Task requirements ▸
The records below hold pictures; please leave those out and retype the rest exactly.

+---+

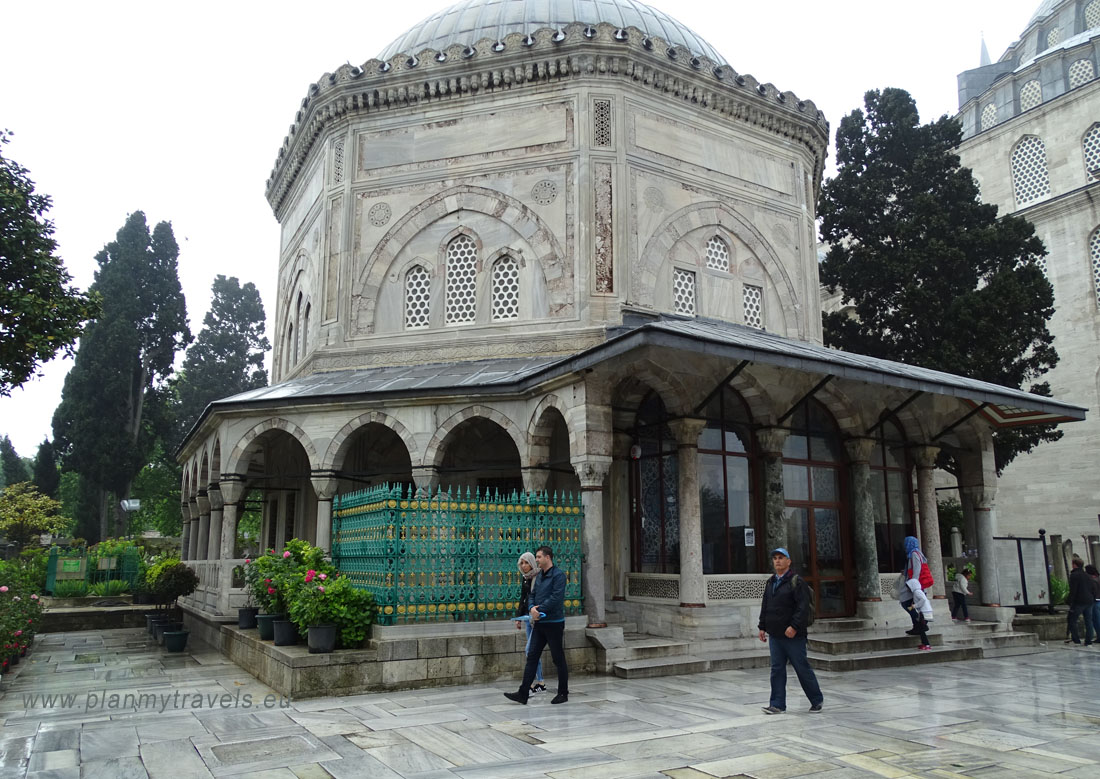 Na tyłach meczetu znajduje się niewielki cmentarz, porośnięty kwiatami Irysów. Znajduje się tu mauzoleum, w którym w 1566 roku pochowano sułtana Sulejmana Wspaniałego. Wewnątrz mauzoleum znajdują się trzy drewniane sarkofagi sułtańskie. Pochowano tu również sułtana Ahmeda II, Sulejmana II (odziedziczył władzę po Sulejmanie Wspaniałym) oraz córkę Sulejmana Wspaniałego – Mihrimah, która przeszła do historii jako najpotężniejsza księżniczka Imperium Osmańskiego. Mauzoleum jest przykryte dwiema kopułami. Kopuła środkowa jest ozdobiona kryształami górskimi. Zgodnie z legendą są tu również fragmenty Czarnego Kamienia z Mekki. Grobowiec Sulejmana można odwiedzić codziennie z wyjątkiem poniedziałków.
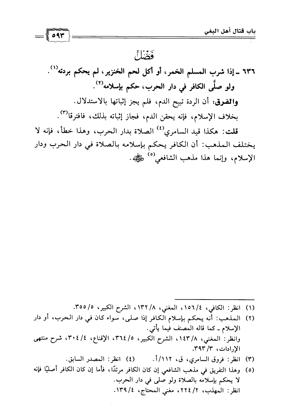 (٥) وهذا التفريق في مذهب الشافعي إن كان الكافر مرتداً، فأما إن كان الكافر أصلياً فإنَّه لا يحكم بإسلامه بالصلاة ولو صلى في دار الحرب.
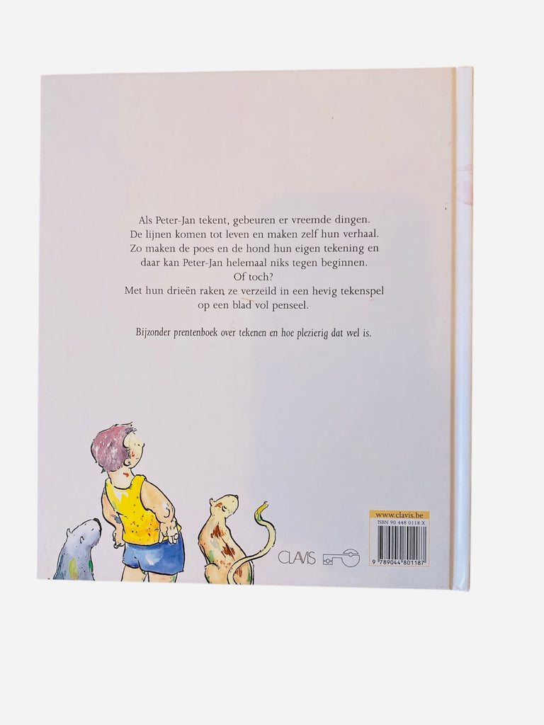 Als Peter-Jan tekent, gebeuren er vreemde dingen. De lijnen komen tot leven en maken zelf hun verhaal. Zo maken de poes en de hond hun eigen tekening en daar kan Peter-Jan helemaal niks tegen beginnen. Of toch? Met hun drieën raken ze verzeild in een hevig tekenspel op een blad vol penseel. Bijzonder prentenboek over tekenen en hoe plezierig dat wel is.
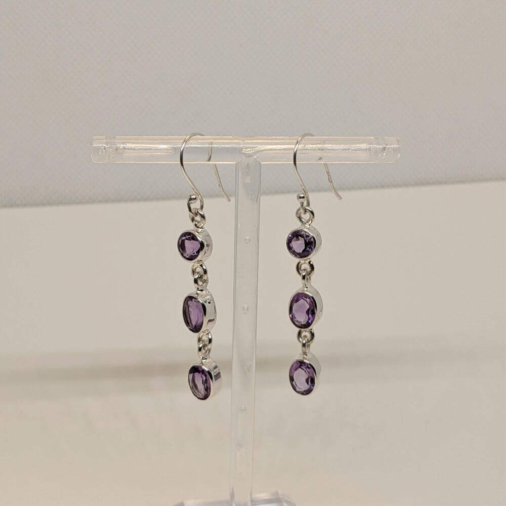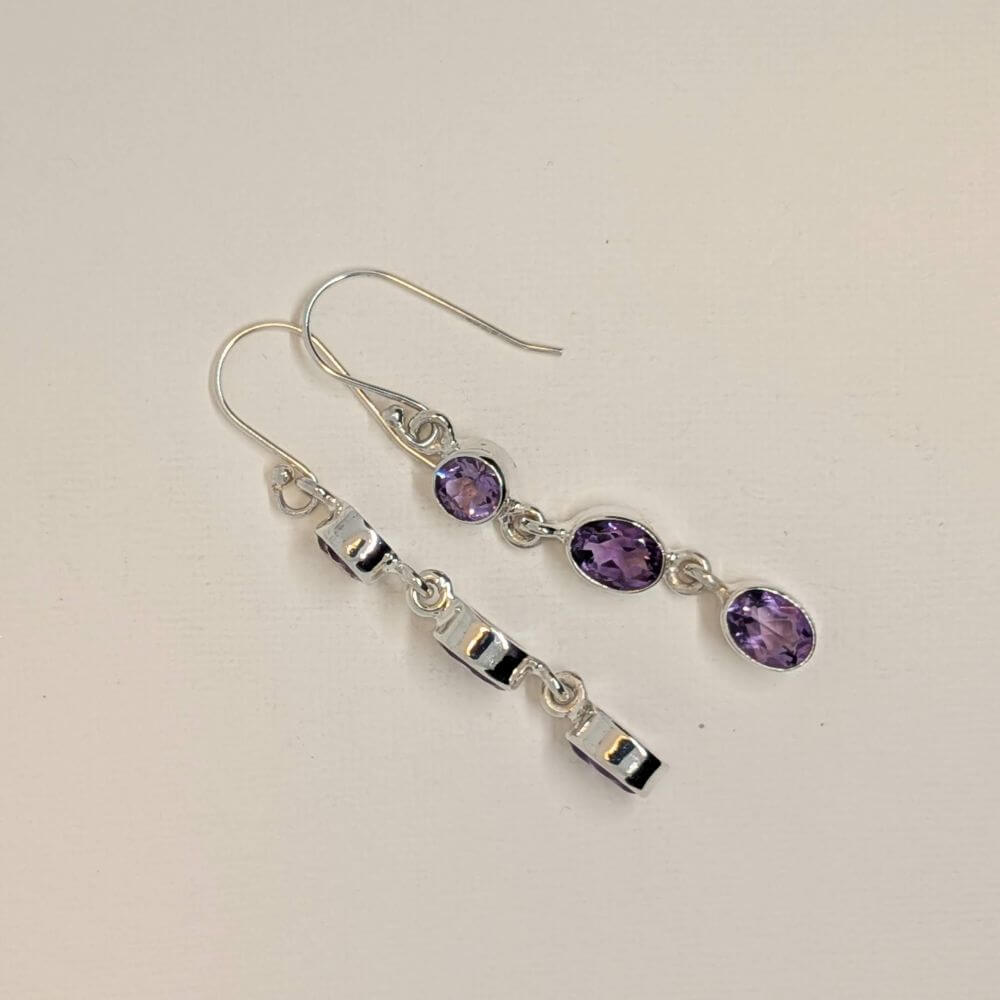 These earrings feature three oval‑cut amethyst gemstones arranged in a graceful vertical drop. Each stone has a rich violet tone and a bright, faceted surface that catches the light with every movement. The stones are linked with small sterling silver connectors, giving the earrings a soft, fluid sway that feels elegant and feminine. Set on solid 925 sterling silver hooks, they are lightweight, comfortable, and designed for effortless wear.
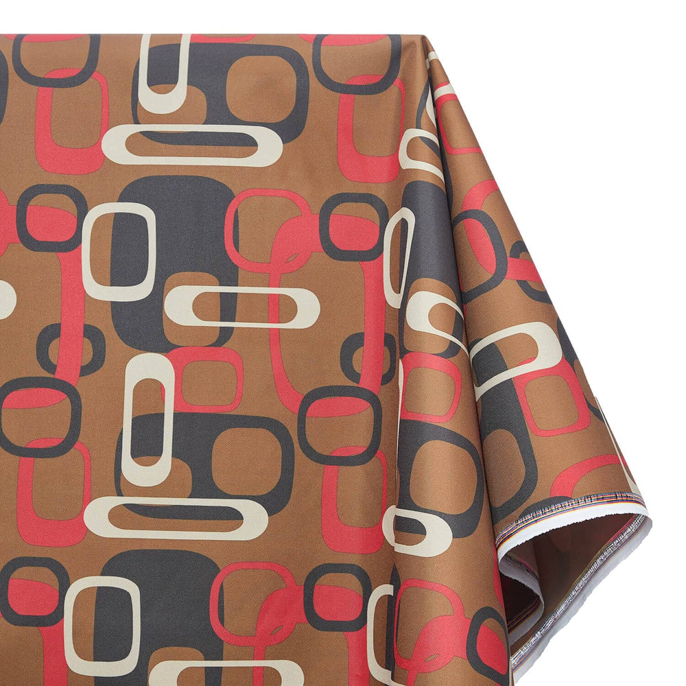 Ottertex® Waterproof Retro Print Canvas fabric is a subtly textured, durable, and heavyweight fabric that displays an abstract pattern. Sourced from 100% polyester fibers, this fabric features a PFAS-free, PVC (polyvinyl chloride) backing, which makes the material impermeable against liquid (suitable for strong storms and long exposure), in addition to resisting mold and UV (ultraviolet) rays. Ottertex® Waterproof Retro Print Canvas fabric features a vibrant retro themed, geometric pattern that repeats every 10 inches vertically, and every 12 inches horizontally. Measuring 61/62 inches wide, this pliable canvas fabric is 0.45 millimeters thick, has a 390 GSM, and weighs approximately 19.2 ounces per linear yard.
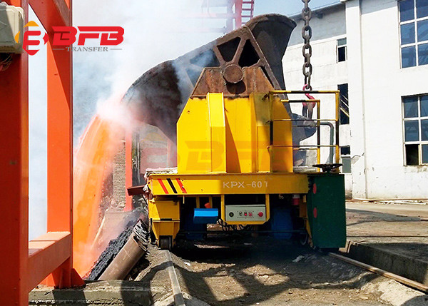 Slag pot transfer car are usually used to transport hot objects, such as molten steel. Because of the high safety requirements for transportation equipment, the material and transmission system of ladle transfer cart are different from ordinary electric rail transfer car. The motor runs and stops at a slow and even speed, so that the ladle electric trolley runs smoothly, reduces inertia, and prevents the splashing of molten steel and steel slag. The interior of the cart body is insulated material, which can effectively prevent the high temperature radiation of the ladle. Moreover, the ladle transfer cart is equipped with two electric motors, so even if the temperature of the molten steel damages one motor, the other motor can operate normally.

+---+

Answer to this problem ▸
 Na tyłach meczetu znajduje się niewielki cmentarz, porośnięty kwiatami Irysów. Znajduje się tu mauzoleum, w którym w 1566 roku pochowano sułtana Sulejmana Wspaniałego. Wewnątrz mauzoleum znajdują się trzy drewniane sarkofagi sułtańskie. Pochowano tu również sułtana Ahmeda II, Sulejmana II (odziedziczył władzę po Sulejmanie Wspaniałym) oraz córkę Sulejmana Wspaniałego – Mihrimah, która przeszła do historii jako najpotężniejsza księżniczka Imperium Osmańskiego. Mauzoleum jest przykryte dwiema kopułami. Kopuła środkowa jest ozdobiona kryształami górskimi. Zgodnie z legendą są tu również fragmenty Czarnego Kamienia z Mekki. Grobowiec Sulejmana można odwiedzić codziennie z wyjątkiem poniedziałków.
 (٥) وهذا التفريق في مذهب الشافعي إن كان الكافر مرتداً، فأما إن كان الكافر أصلياً فإنَّه لا يحكم بإسلامه بالصلاة ولو صلى في دار الحرب.
 Als Peter-Jan tekent, gebeuren er vreemde dingen. De lijnen komen tot leven en maken zelf hun verhaal. Zo maken de poes en de hond hun eigen tekening en daar kan Peter-Jan helemaal niks tegen beginnen. Of toch? Met hun drieën raken ze verzeild in een hevig tekenspel op een blad vol penseel. Bijzonder prentenboek over tekenen en hoe plezierig dat wel is.
 These earrings feature three oval‑cut amethyst gemstones arranged in a graceful vertical drop. Each stone has a rich violet tone and a bright, faceted surface that catches the light with every movement. The stones are linked with small sterling silver connectors, giving the earrings a soft, fluid sway that feels elegant and feminine. Set on solid 925 sterling silver hooks, they are lightweight, comfortable, and designed for effortless wear.
 Ottertex® Waterproof Retro Print Canvas fabric is a subtly textured, durable, and heavyweight fabric that displays an abstract pattern. Sourced from 100% polyester fibers, this fabric features a PFAS-free, PVC (polyvinyl chloride) backing, which makes the material impermeable against liquid (suitable for strong storms and long exposure), in addition to resisting mold and UV (ultraviolet) rays. Ottertex® Waterproof Retro Print Canvas fabric features a vibrant retro themed, geometric pattern that repeats every 10 inches vertically, and every 12 inches horizontally. Measuring 61/62 inches wide, this pliable canvas fabric is 0.45 millimeters thick, has a 390 GSM, and weighs approximately 19.2 ounces per linear yard.
 Slag pot transfer car are usually used to transport hot objects, such as molten steel. Because of the high safety requirements for transportation equipment, the material and transmission system of ladle transfer cart are different from ordinary electric rail transfer car. The motor runs and stops at a slow and even speed, so that the ladle electric trolley runs smoothly, reduces inertia, and prevents the splashing of molten steel and steel slag. The interior of the cart body is insulated material, which can effectively prevent the high temperature radiation of the ladle. Moreover, the ladle transfer cart is equipped with two electric motors, so even if the temperature of the molten steel damages one motor, the other motor can operate normally.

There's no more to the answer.